What you are asked to do
Set down, word for word, every line of the material below from the one containing "- 🌿 Romero (Oxigenación): Actúa" through the one containing "Der erste Gang", but none of its pictures.

Data records
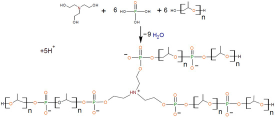 In [56,57,58,59], polyurethane ionomers were obtained using aminoethers of ortho-phosphoric acid (AEPA) as a polyol component. It was found that AEPA-PPG, synthesized using triethanolamine (TEOA), ortho-phosphoric acid (OPA), and polyoxypropylene glycol (PPG) with MM = 1000, is a branched structure that contains phosphate ions (Figure 1). The AEPA-PPG-PU with an ionomeric nature was investigated as a material for vapor-permeable and pervaporation membranes.
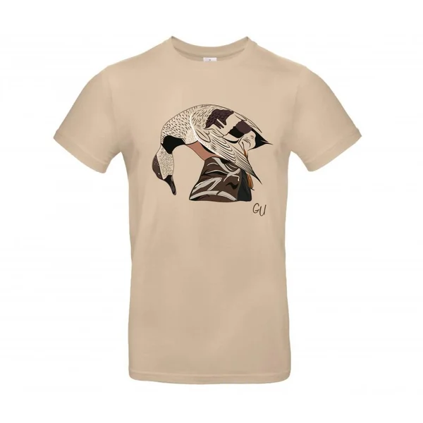 Le tee-shirt « Chipeau » de la marque Gabion Unlimited est un modèle à manches courtes de couleur beige, illustré d’un canard chipeau prélevé et tenu par le chasseur. Il a été conçu spécialement pour les amateurs de chasse au gibier d’eau.
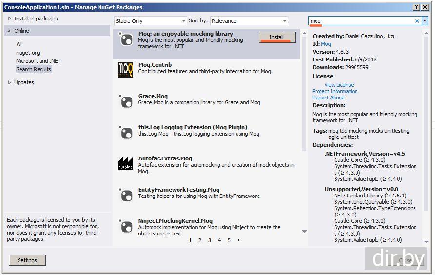 Пишем moq и нажимаем Install
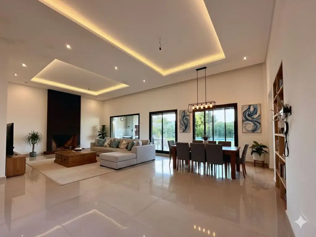 La propiedad destaca por su fluidez espacial y detalles de diseño industrial-contemporáneo:
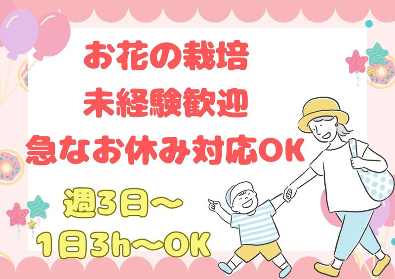 仕事内容: 20代・30代・40代、子育てママ在籍中!急なお休みも大丈夫♪フリーター・フルタイム歓迎☆扶養控除相談OK☆週3日~1日3h~相談OK 【仕事内容】 洋花:サンダーソニア、カラー、マムなどの 栽培や出荷準備が主なお仕事です。 ハウスの中で球根植えや、 お花を束るなど出荷作業の 手伝いをして頂きます。
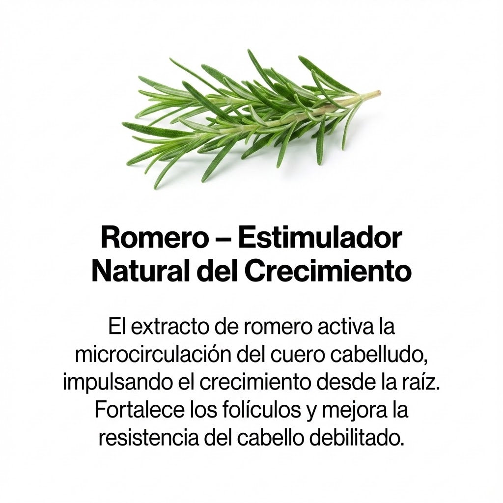 - 🌿 Romero (Oxigenación): Actúa como un vasodilatador natural (similar al Minoxidil pero botánico), incrementando el flujo de oxígeno para nutrir la raíz débil.
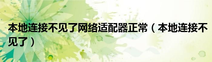 大家好,雨雨来为大家解答以上问题,本地连接不见了网络适配器正常,本地连接不见了很多人还不知道,现在让我们一起来看看吧!
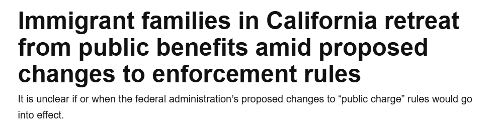 近日,随着联邦政府寻求修改有关“公共负担”(Public Charge)的规定,加州的移民家庭对接受公共福利的顾虑日益严重。由于移民执法频繁,许多家庭担心使用福利可能影响绿卡及签证申请,从而放弃儿童保育和早期教育服务。
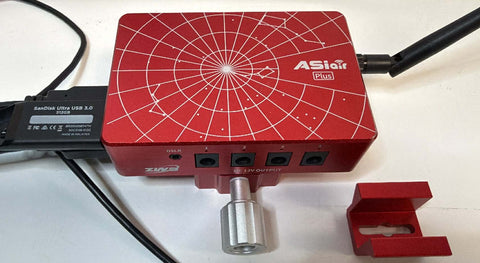 This is a used ZWO ASIAIR Plus in excellent condition. This includes the original box, the two attached USB cables, as well as everything shown in the photos. The previous owner upgraded this by adding the ZWO DOVE AIR dovetail clamp (a $39 value) and a Sandisk Ultra 512GB thumb drive (a $35 value).
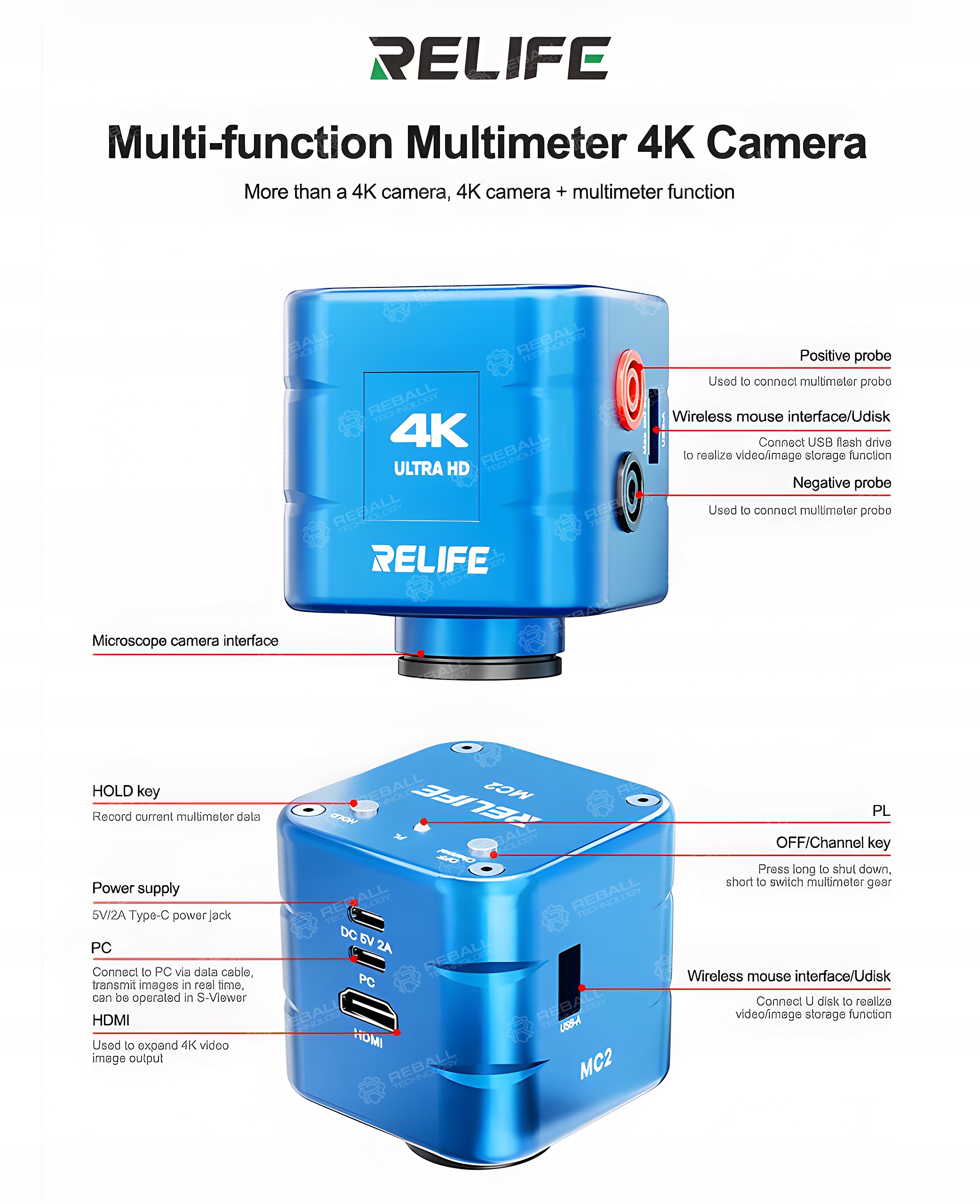 RELIFE MC2 to wielofunkcyjna kamera mikroskopowa 4K z wbudowaną funkcją multimetru, zaprojektowana do precyzyjnych prac serwisowych przy elektronice, płytach głównych i drobnych komponentach.
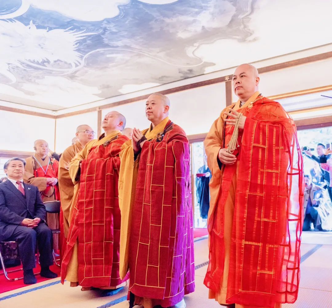 阳春三月,正是百花盛开、春意盎然的美好时节。2024年3月22日,中国佛教协会副会长纯一法师率中国佛教代表团一行赴日出席日本京都临济宗建仁寺西来院枯山水庭园落成仪式暨天井白龙图开光法会。
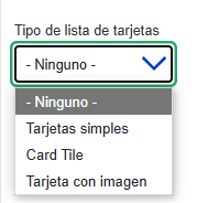 Tipo de lista de tarjetas: Esta opción permite seleccionar el tipo de tarjeta que se desea mostrar, lo cual determinará la visual de la tarjeta y los campos que se mostrarán en ella.
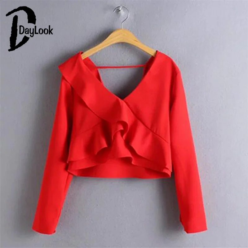 Daylook Femmes Elegant A Volants Rouge Crop Top Dentelle Dans Le Dos Double V Cou Pull Chemisier Top Chic Manches Longues Dos Nu Blusa Aliexpress
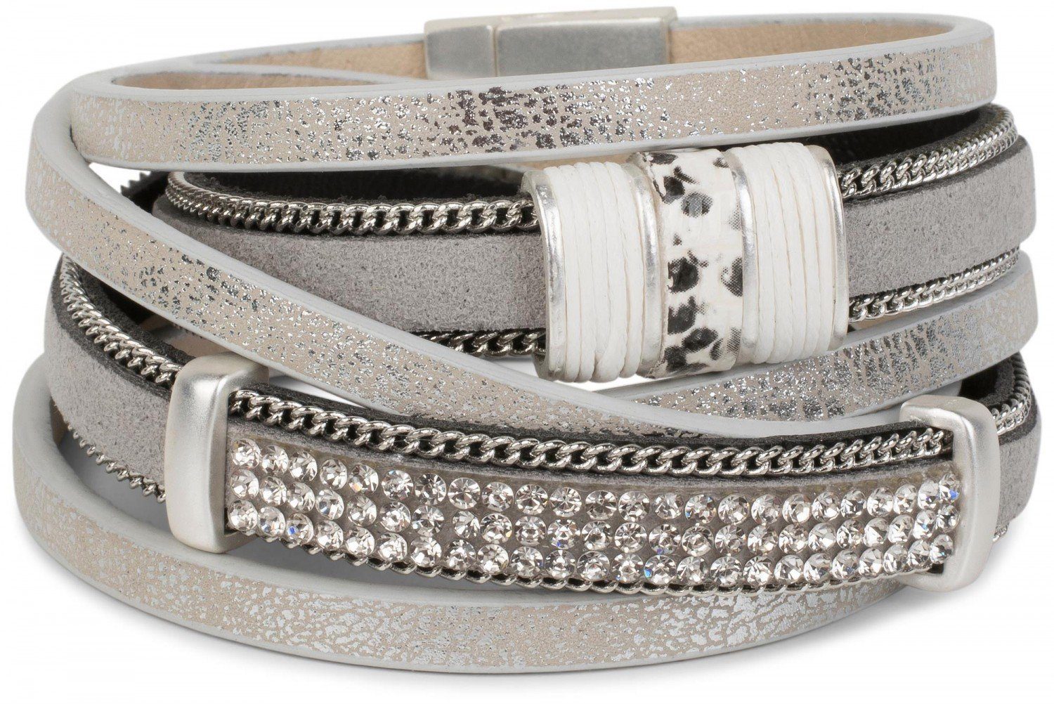 styleBREAKER weiches Wickel Armband mit Glaskristallen und Gliederkette.
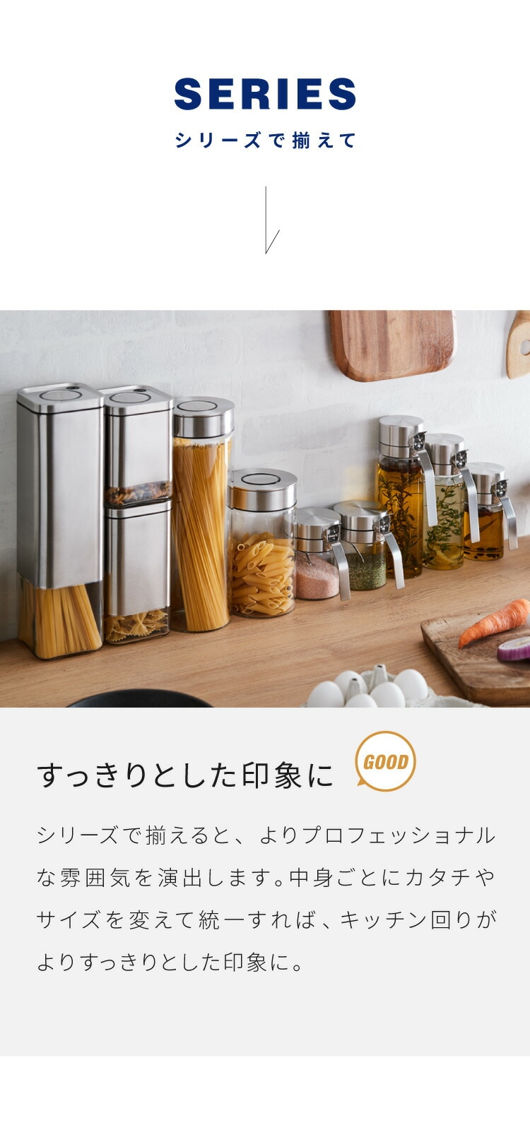 ステンレスとガラスで清潔感のあるデザインなので、一式揃えて並べるとどこかプロフェッショナルなキッチンに。
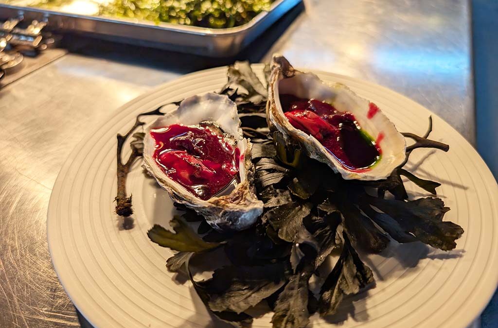 Der erste Gang – Forelle, Rote Bete und Auster – zeigt bereits die Handschrift der Küche: klar, präzise und voller Spannung. Begleitet wird er von einem gereiften Sake der Berliner Manufaktur Reigen Fermentation – cremig, mit Noten von getrockneter Aprikose, feinem Holz und einem sanft oxidativen Charakter.
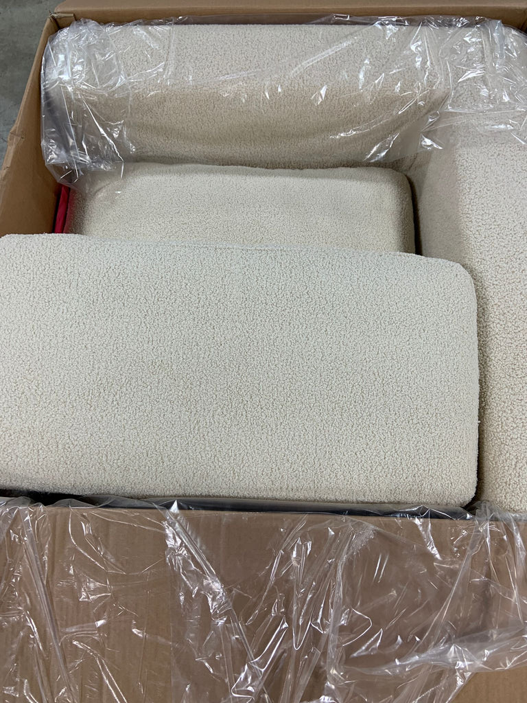 Open box, The color is Beige Polyester, see in house picture for color. Missing corner piece. (8 boxes)
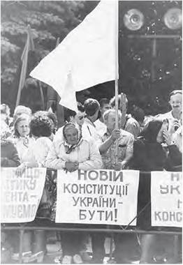 Мітингувальники перед Верховною Радою вимагають прийняти Конституцію України. Червень 1996 р. Фото: iportal.rada.gov.ua
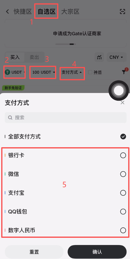 上方选择【自选区】就是个人对个人交易,选择你要购买的币种就是USDT,你可以输入想要购买的金额,然后再选择一个支付方式。可以看到有银行卡、微信、支付宝、QQ钱包、数字人民币都可以选择。
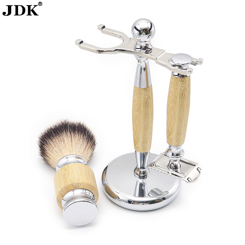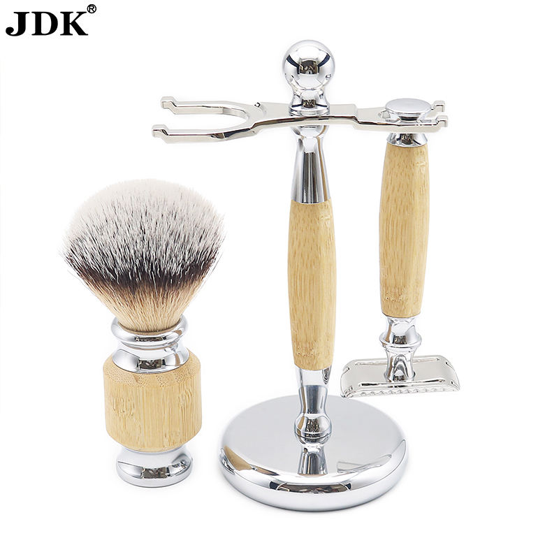 JDK New Design 3cp Set di pennelli da barba manico in bambù Set di rasoio da barbiere per la cura della barba
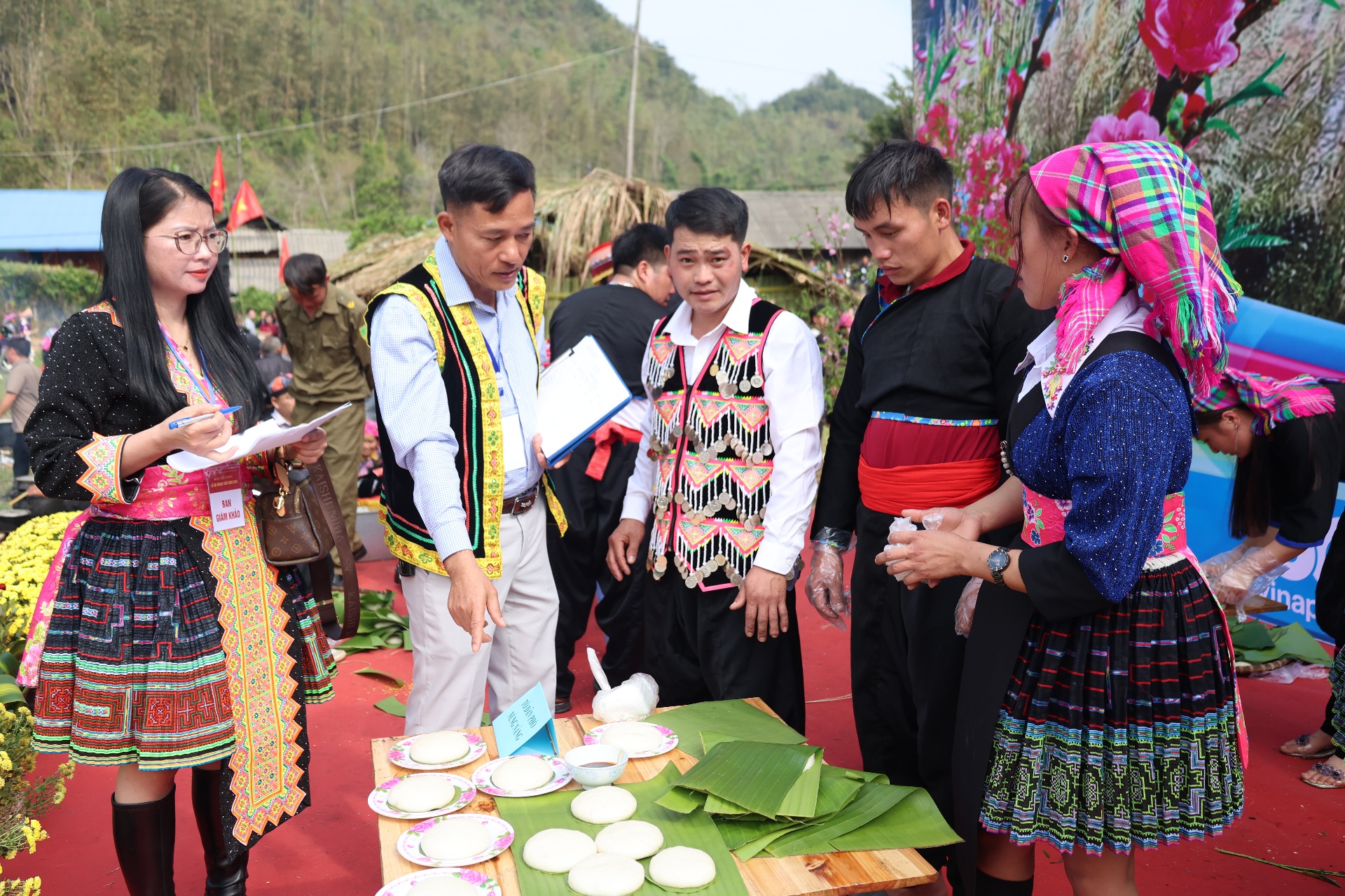 Ban Giám khảo chấm điểm cho các đội tham gia phần thi giã bánh giầy.
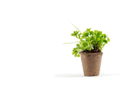 one green plant of pepper seedlings in a peat pot close-up and isolated on an empty and clean background
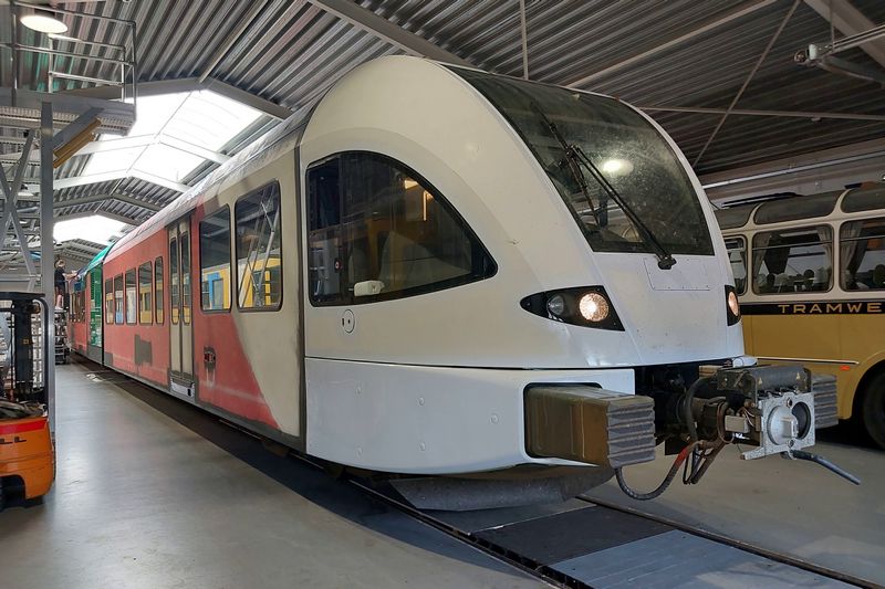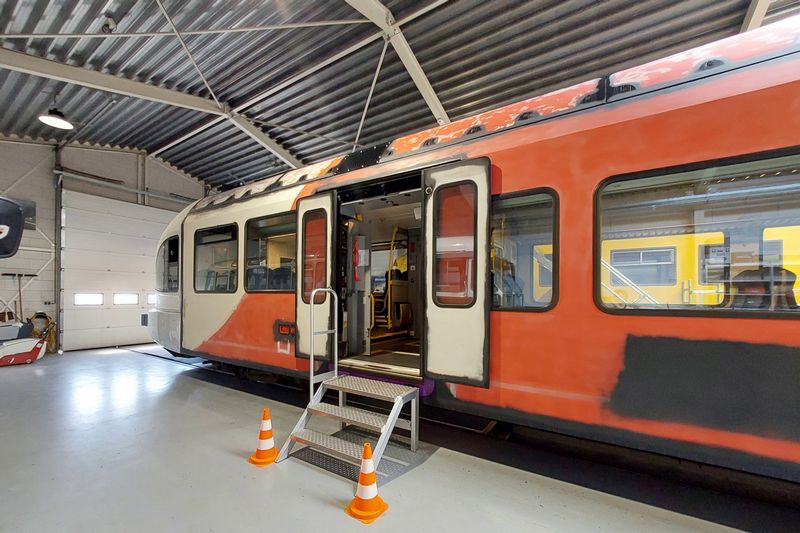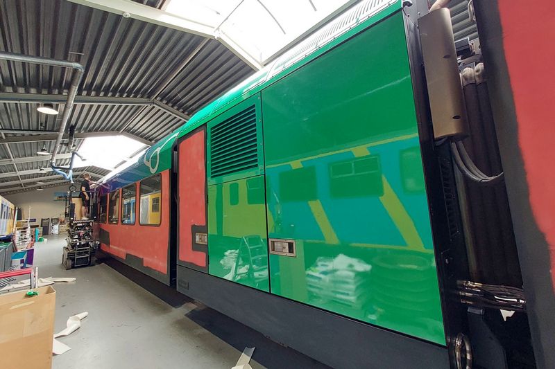 Men is druk bezig met het bestickeren van de GTW in de nieuwe RRReis-kleurstelling. |
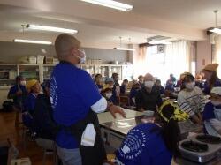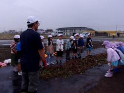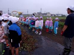 保育園年長さんと向かい合いグループ、ご挨拶をしてから、園長先生に芋掘りの説明をしていただきました会議・研修
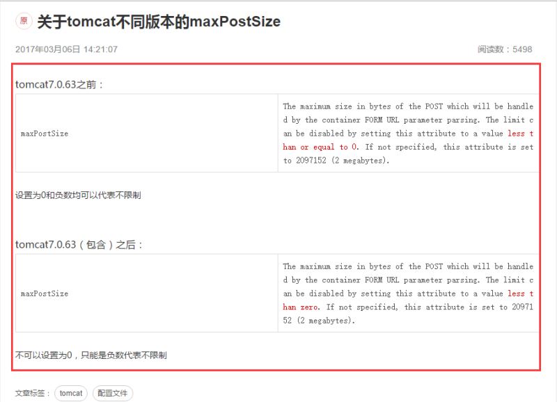 百度了下Tomcat maxPostSize這兩個(gè)關(guān)鍵詞,很幸運(yùn)的是第一條就是關(guān)于Tomcat不同版本的maxPostSize的設(shè)置,

Exercise answer
 - 🌿 Romero (Oxigenación): Actúa como un vasodilatador natural (similar al Minoxidil pero botánico), incrementando el flujo de oxígeno para nutrir la raíz débil.
 大家好,雨雨来为大家解答以上问题,本地连接不见了网络适配器正常,本地连接不见了很多人还不知道,现在让我们一起来看看吧!
 近日,随着联邦政府寻求修改有关“公共负担”(Public Charge)的规定,加州的移民家庭对接受公共福利的顾虑日益严重。由于移民执法频繁,许多家庭担心使用福利可能影响绿卡及签证申请,从而放弃儿童保育和早期教育服务。
 This is a used ZWO ASIAIR Plus in excellent condition. This includes the original box, the two attached USB cables, as well as everything shown in the photos. The previous owner upgraded this by adding the ZWO DOVE AIR dovetail clamp (a $39 value) and a Sandisk Ultra 512GB thumb drive (a $35 value).
 RELIFE MC2 to wielofunkcyjna kamera mikroskopowa 4K z wbudowaną funkcją multimetru, zaprojektowana do precyzyjnych prac serwisowych przy elektronice, płytach głównych i drobnych komponentach.
 阳春三月,正是百花盛开、春意盎然的美好时节。2024年3月22日,中国佛教协会副会长纯一法师率中国佛教代表团一行赴日出席日本京都临济宗建仁寺西来院枯山水庭园落成仪式暨天井白龙图开光法会。
 Tipo de lista de tarjetas: Esta opción permite seleccionar el tipo de tarjeta que se desea mostrar, lo cual determinará la visual de la tarjeta y los campos que se mostrarán en ella.
 Daylook Femmes Elegant A Volants Rouge Crop Top Dentelle Dans Le Dos Double V Cou Pull Chemisier Top Chic Manches Longues Dos Nu Blusa Aliexpress
 styleBREAKER weiches Wickel Armband mit Glaskristallen und Gliederkette.
 ステンレスとガラスで清潔感のあるデザインなので、一式揃えて並べるとどこかプロフェッショナルなキッチンに。
 Der erste Gang – Forelle, Rote Bete und Auster – zeigt bereits die Handschrift der Küche: klar, präzise und voller Spannung. Begleitet wird er von einem gereiften Sake der Berliner Manufaktur Reigen Fermentation – cremig, mit Noten von getrockneter Aprikose, feinem Holz und einem sanft oxidativen Charakter.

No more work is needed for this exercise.